格安SIMへの乗り換え手順:5ステップで完了
- 現在の契約内容を確認する:解約違約金・契約満了月・現在のデータ使用量を確認する
- 乗り換え先のサービスを決める:本記事の比較表・選び方ポイントを参考に選択する
- MNP予約番号を取得する:現在のキャリアのマイページ・アプリ・電話で取得(即日発行・15日間有効)
- 乗り換え先に申し込む:MNP予約番号・本人確認書類・クレジットカードで申し込み(最短即日〜数日で開通)
- SIMカード・eSIMを設定する:届いたSIMカードを差し替えるか、eSIMの場合はQRコードで設定する
手続きはすべてオンラインで完結するサービスが多く、慣れれば30分〜1時間程度で完了します。わからない場合は各サービスのサポートチャットや店頭窓口(Y!mobile・UQモバイル等)を活用しましょう。
格安SIMに乗り換える際の注意点
注意点①:キャリアメールが使えなくなる
「@docomo.ne.jp」「@au.com」「@softbank.ne.jp」などのキャリアメールアドレスは、大手キャリアを解約すると原則使えなくなります(有料で引き継げるサービスもあり)。乗り換え前にGmailなどのフリーメールへ移行し、関係各所への連絡先変更を済ませておきましょう。
注意点②:解約のタイミングを選ぶ
大手キャリアによっては「契約更新月(2年縛りの満了月)」以外に解約すると解約金がかかる場合があります。ただし2022年以降は違約金上限が1,000円に引き下げられたため、以前ほど気にする必要はなくなりました。マイページで契約更新月を確認した上でタイミングを選ぶとよいでしょう。
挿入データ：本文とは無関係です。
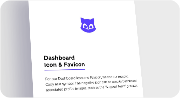 For our Dashboard icon and Favicon, we use our mascot, Cody as a symbol. The negative icon can be used in Dashboard associated profile images, such as the “Support Team” gravatar. Dashboard Icon & Favicon 16 22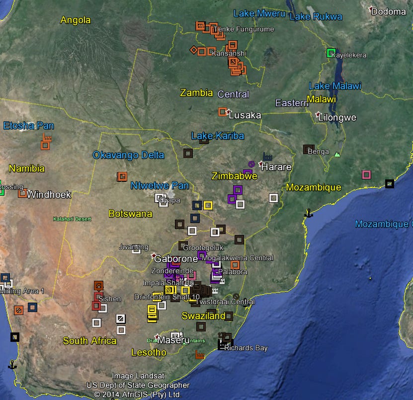 Here's copper in the (brilliant name!) Copperbelt, shared by the Democratic Republic of the Congo (DRC) and Zambia. (The mines are mostly in or near the DRC’s southeastern prong, or pedicle, which nearly cuts Zambia in half.) There's gold in South Africa. White is diamonds.
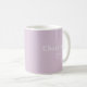 A modern minimalist personalized mug featuring a soft pastel background, elegant white lettering, and a delicate heart detail.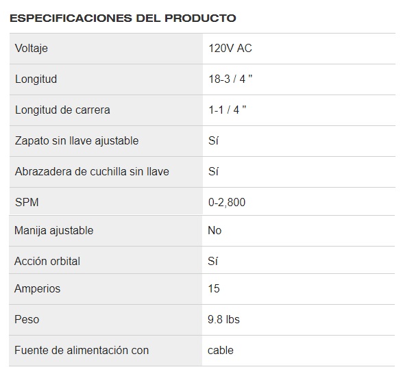 Cortes por minuto (SPM) sin carga: 0 - 2800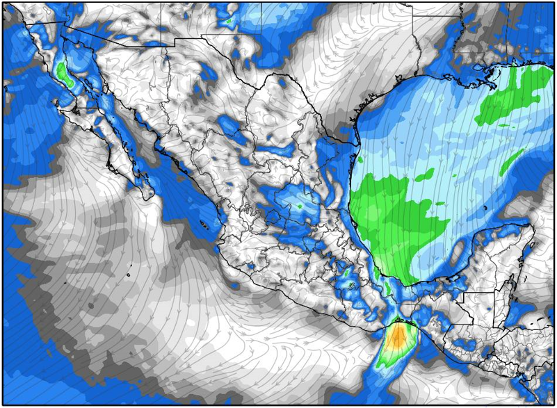 Finalmente, las rachas de viento continuarán dominando en gran parte del país, especialmente en la vertiente del Golfo de México y en el Istmo y Golfo de Tehuantepec, donde se estiman rachas entre 50 y 75 km/h, sin descartarse extremas de hasta 100 km/h.

注意点③:通信速度が低下する時間帯がある(MVNOの場合)
MVNO(格安SIM)は昼12〜13時・夜18〜20時の混雑時間帯に通信速度が遅くなることがあります。動画のストリーミング・大容量ファイルのダウンロードをよく行う方は、速度が安定しているサブブランド(ahamo・LINEMO等)を選んだ方が満足度が高いでしょう。
注意点④:セット割引がなくなる場合がある
現在、自宅の光回線と携帯をセット契約している場合、格安SIMに乗り換えると光回線の割引がなくなるケースがあります。トータルのコストを計算した上で乗り換えを判断しましょう。
年間節約額シミュレーション
月額8,000円のキャリアプランから乗り換えた場合の年間節約額を比較します。
| 乗り換え先 | 月額料金 | 月額削減額 | 年間節約額 |
|---|---|---|---|
| ahamo(20GB) | 2,970円 | 5,030円 | 約60,360円 |
| LINEMO(20GB) | 2,728円 | 5,272円 | 約63,264円 |
| 楽天モバイル(3GB未満) | 1,078円 | 6,922円 | 約83,064円 |
| IIJmio(6GB) | 1,500円 | 6,500円 | 約78,000円 |
どのプランに乗り換えても、年間5万〜8万円以上の節約が実現できることがわかります。
まとめ:格安SIMへの乗り換えは「最速・最大の節約術」のひとつ
スマートフォンの通信費は、一度乗り換えるだけで毎月自動的に節約が続く「最強の固定費削減」です。手続きは最短で数日、オンラインで完結し、通信品質も以前と遜色ないケースがほとんどです。
「乗り換えが面倒」「設定が難しそう」という不安は、実際に手を動かしてみると杞憂だったと感じる方が大多数です。まず今日、現在のスマートフォンのデータ使用量を確認し、乗り換え先の候補を1〜2社に絞ってみてください。その小さな一歩が、年間6万円以上の節約への入口になります。